▶ **Work to be completed**
Reproduce, exactly and only, the lines of the data that follows from the one containing "秋冬孔雀绿色混彩珍珠元宝扣打结项链高级感轻奢毛衣链女" down to the one containing "オイルの量を確認し、足りなかったら規定量まで入れます。", without pictures.
--------------------
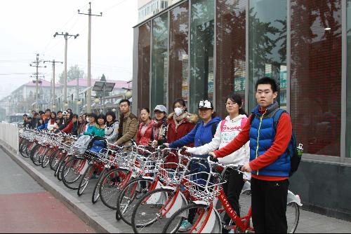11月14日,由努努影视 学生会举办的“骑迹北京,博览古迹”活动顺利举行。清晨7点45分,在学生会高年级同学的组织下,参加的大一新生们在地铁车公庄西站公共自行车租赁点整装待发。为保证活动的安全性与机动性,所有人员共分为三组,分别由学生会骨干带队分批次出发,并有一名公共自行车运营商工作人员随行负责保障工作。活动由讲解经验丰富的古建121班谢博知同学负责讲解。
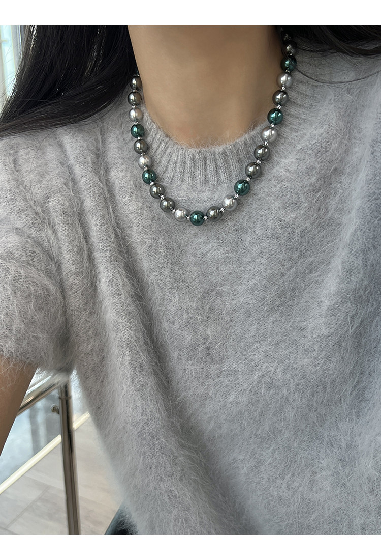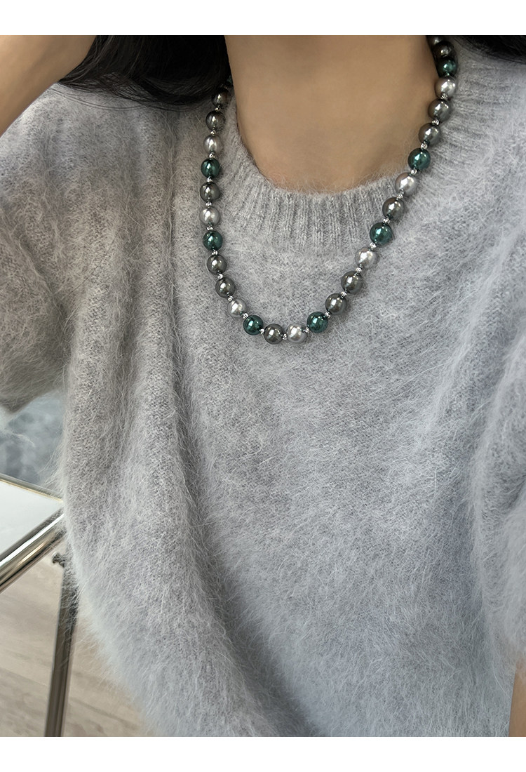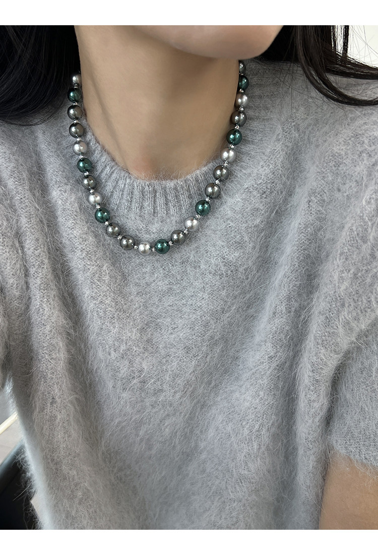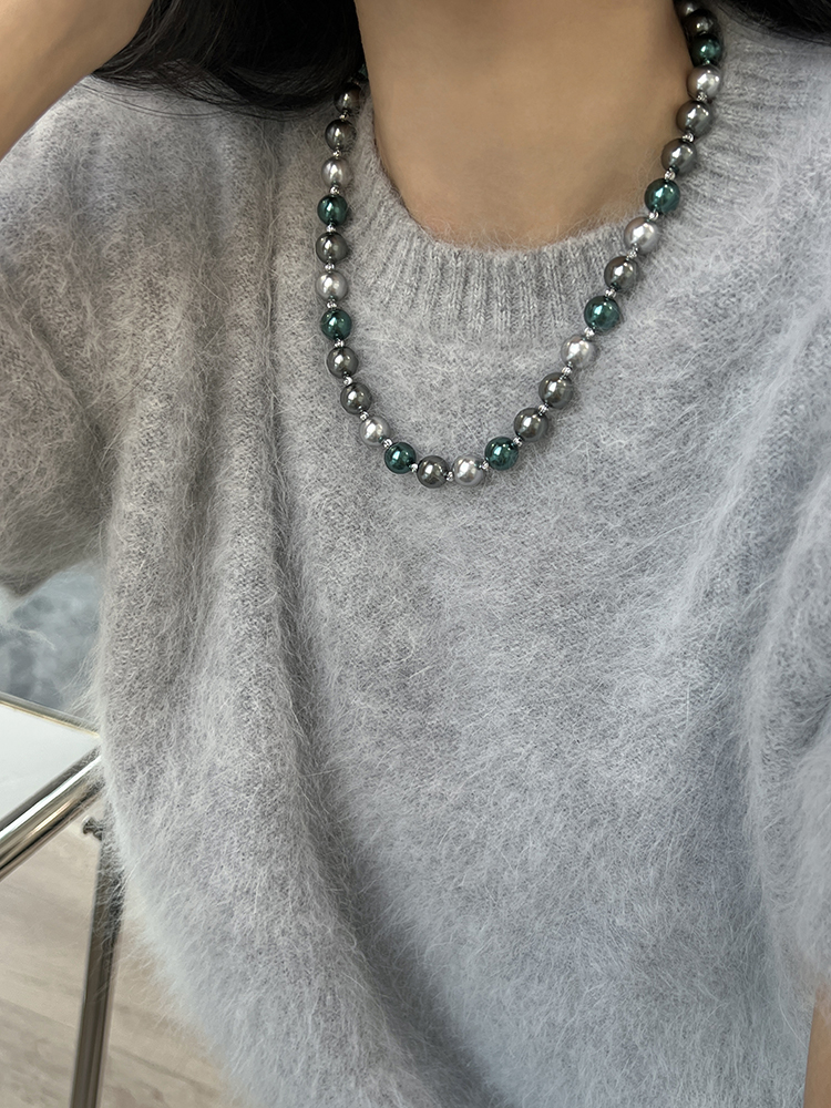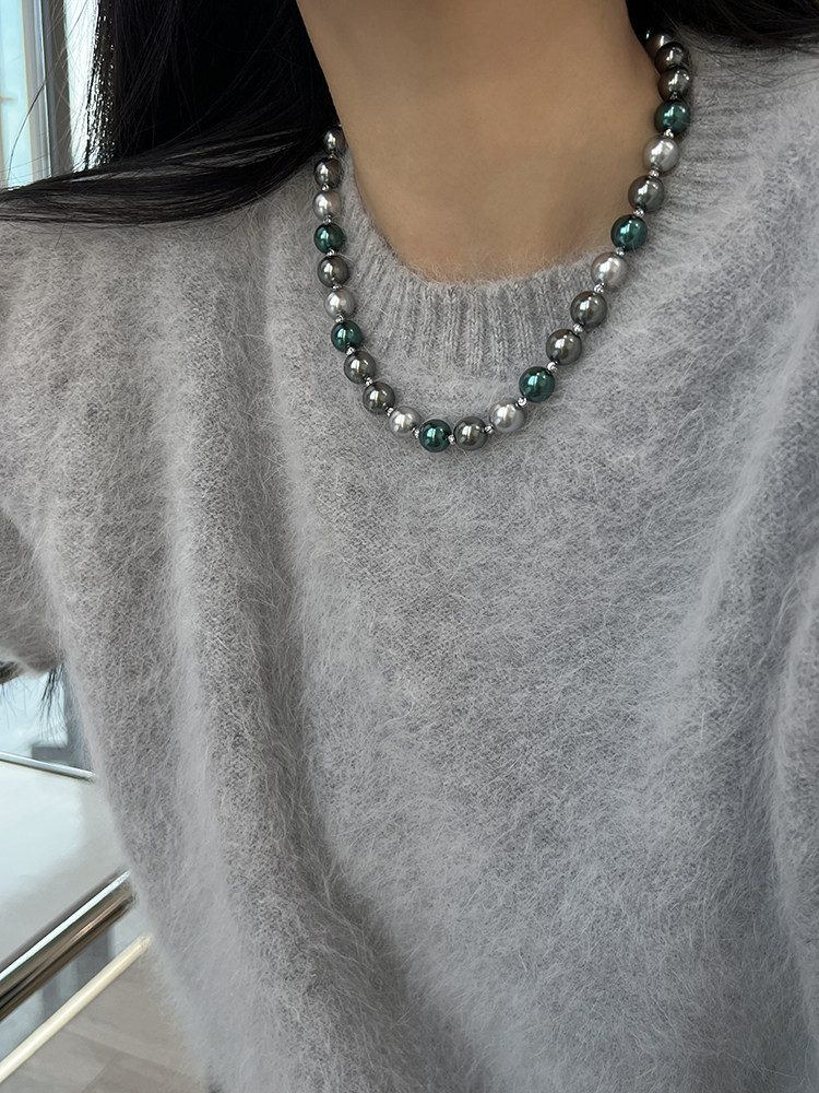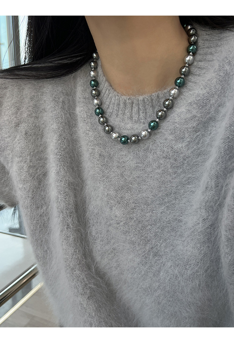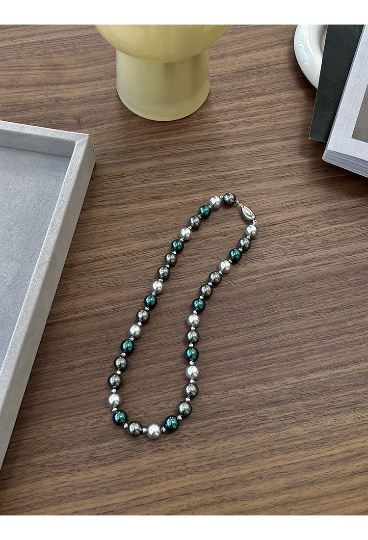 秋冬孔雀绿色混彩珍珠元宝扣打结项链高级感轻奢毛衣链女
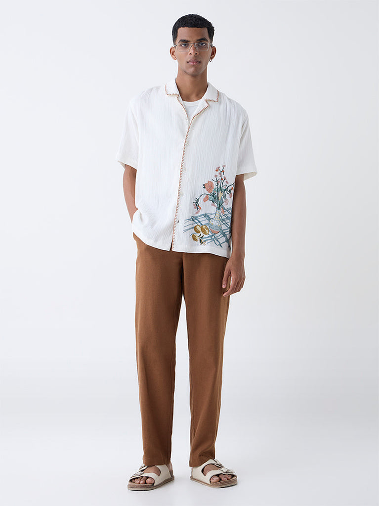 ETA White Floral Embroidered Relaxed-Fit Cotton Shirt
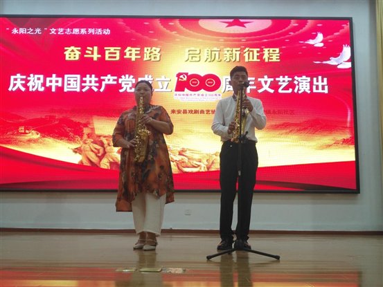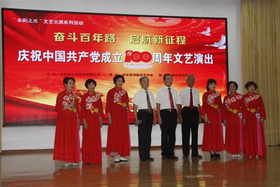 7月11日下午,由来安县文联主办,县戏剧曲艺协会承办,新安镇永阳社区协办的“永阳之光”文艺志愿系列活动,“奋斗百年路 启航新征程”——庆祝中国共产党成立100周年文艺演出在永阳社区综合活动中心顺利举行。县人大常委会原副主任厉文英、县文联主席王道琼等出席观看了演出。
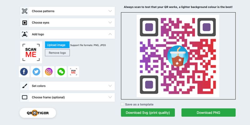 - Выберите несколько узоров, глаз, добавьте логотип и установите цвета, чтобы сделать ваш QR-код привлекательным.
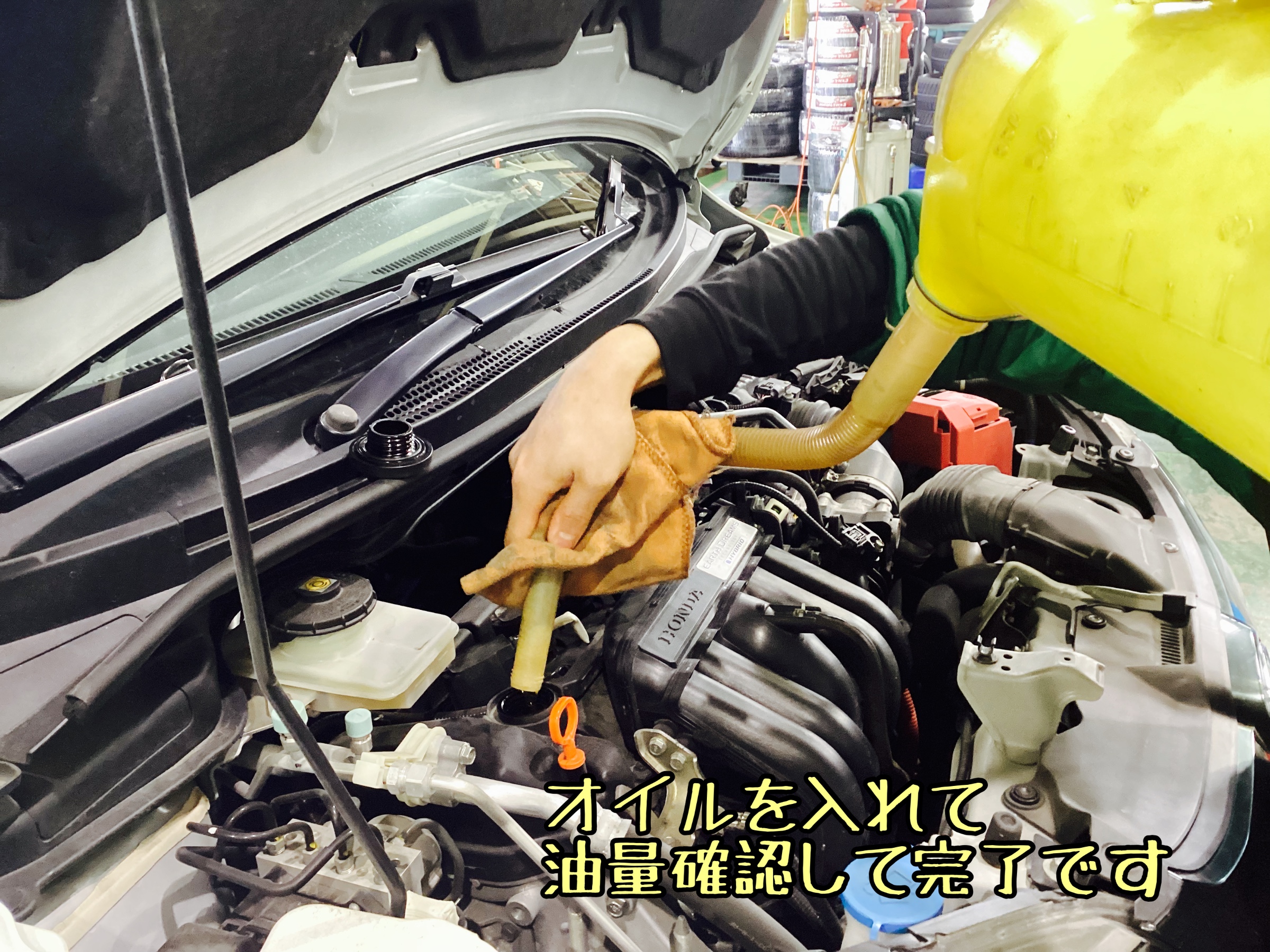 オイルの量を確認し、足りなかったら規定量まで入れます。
--------------------
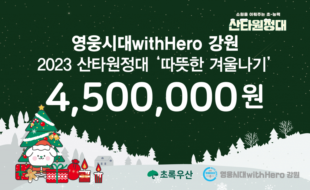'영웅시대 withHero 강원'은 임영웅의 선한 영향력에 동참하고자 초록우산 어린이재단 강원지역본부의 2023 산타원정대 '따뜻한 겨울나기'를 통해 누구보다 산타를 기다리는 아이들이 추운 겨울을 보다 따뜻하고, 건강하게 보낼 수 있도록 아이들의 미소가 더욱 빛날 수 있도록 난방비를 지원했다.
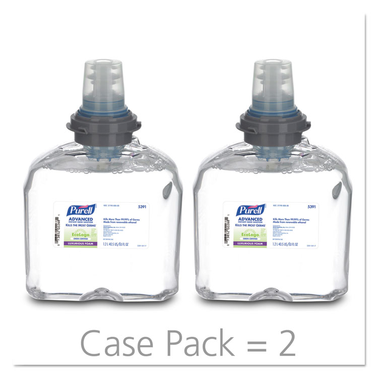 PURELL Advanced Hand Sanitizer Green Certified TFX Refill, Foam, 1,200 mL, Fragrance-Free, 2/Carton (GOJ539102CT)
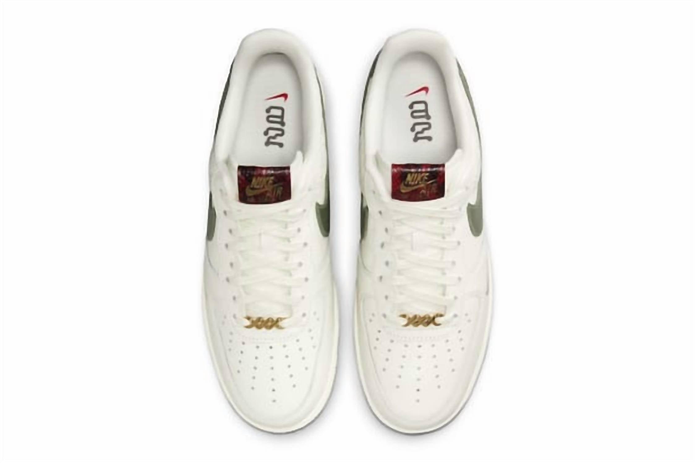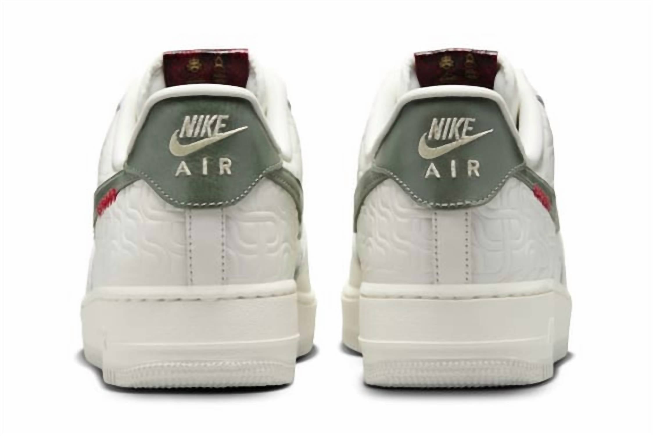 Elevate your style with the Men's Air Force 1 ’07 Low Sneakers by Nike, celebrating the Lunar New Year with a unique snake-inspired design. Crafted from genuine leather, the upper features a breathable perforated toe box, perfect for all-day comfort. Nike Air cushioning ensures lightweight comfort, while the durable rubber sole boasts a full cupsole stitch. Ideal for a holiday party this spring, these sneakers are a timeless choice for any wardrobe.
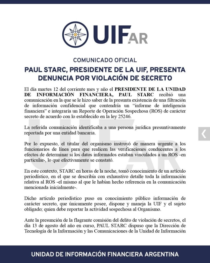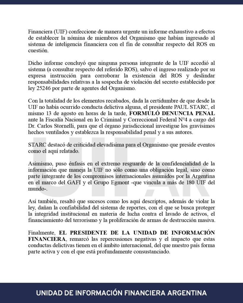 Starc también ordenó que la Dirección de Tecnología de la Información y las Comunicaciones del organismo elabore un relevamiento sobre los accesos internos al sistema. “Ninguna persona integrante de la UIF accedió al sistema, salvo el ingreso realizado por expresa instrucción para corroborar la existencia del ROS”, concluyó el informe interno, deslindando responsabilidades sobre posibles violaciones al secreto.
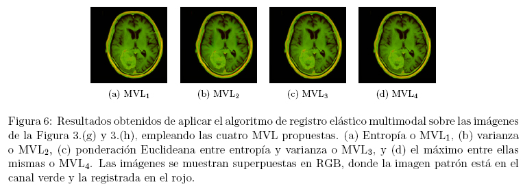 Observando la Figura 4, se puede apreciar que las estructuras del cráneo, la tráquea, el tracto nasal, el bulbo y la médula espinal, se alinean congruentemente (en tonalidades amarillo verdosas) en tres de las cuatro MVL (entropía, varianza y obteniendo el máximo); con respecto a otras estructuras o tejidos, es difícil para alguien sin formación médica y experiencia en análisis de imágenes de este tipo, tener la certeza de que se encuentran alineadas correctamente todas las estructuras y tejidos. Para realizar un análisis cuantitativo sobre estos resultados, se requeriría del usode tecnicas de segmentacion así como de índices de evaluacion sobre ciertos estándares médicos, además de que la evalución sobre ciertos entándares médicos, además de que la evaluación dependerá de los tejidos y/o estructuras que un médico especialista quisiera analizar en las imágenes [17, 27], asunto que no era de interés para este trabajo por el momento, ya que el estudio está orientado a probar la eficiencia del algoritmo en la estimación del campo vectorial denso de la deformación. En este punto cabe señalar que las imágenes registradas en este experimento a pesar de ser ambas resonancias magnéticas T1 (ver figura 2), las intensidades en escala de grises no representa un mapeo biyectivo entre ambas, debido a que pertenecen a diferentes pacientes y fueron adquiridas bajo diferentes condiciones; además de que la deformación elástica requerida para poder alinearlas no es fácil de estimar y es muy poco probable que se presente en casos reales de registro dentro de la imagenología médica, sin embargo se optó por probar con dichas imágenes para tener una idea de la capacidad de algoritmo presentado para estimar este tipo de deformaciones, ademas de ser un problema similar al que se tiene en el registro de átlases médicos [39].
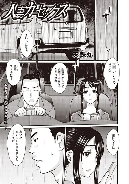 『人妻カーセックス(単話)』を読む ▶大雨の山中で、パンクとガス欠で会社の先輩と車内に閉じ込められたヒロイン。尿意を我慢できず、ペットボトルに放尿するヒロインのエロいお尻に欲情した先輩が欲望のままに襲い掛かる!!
--------------------
▶ **Your solution**
 秋冬孔雀绿色混彩珍珠元宝扣打结项链高级感轻奢毛衣链女
 ETA White Floral Embroidered Relaxed-Fit Cotton Shirt
 7月11日下午,由来安县文联主办,县戏剧曲艺协会承办,新安镇永阳社区协办的“永阳之光”文艺志愿系列活动,“奋斗百年路 启航新征程”——庆祝中国共产党成立100周年文艺演出在永阳社区综合活动中心顺利举行。县人大常委会原副主任厉文英、县文联主席王道琼等出席观看了演出。
 - Выберите несколько узоров, глаз, добавьте логотип и установите цвета, чтобы сделать ваш QR-код привлекательным.
 オイルの量を確認し、足りなかったら規定量まで入れます。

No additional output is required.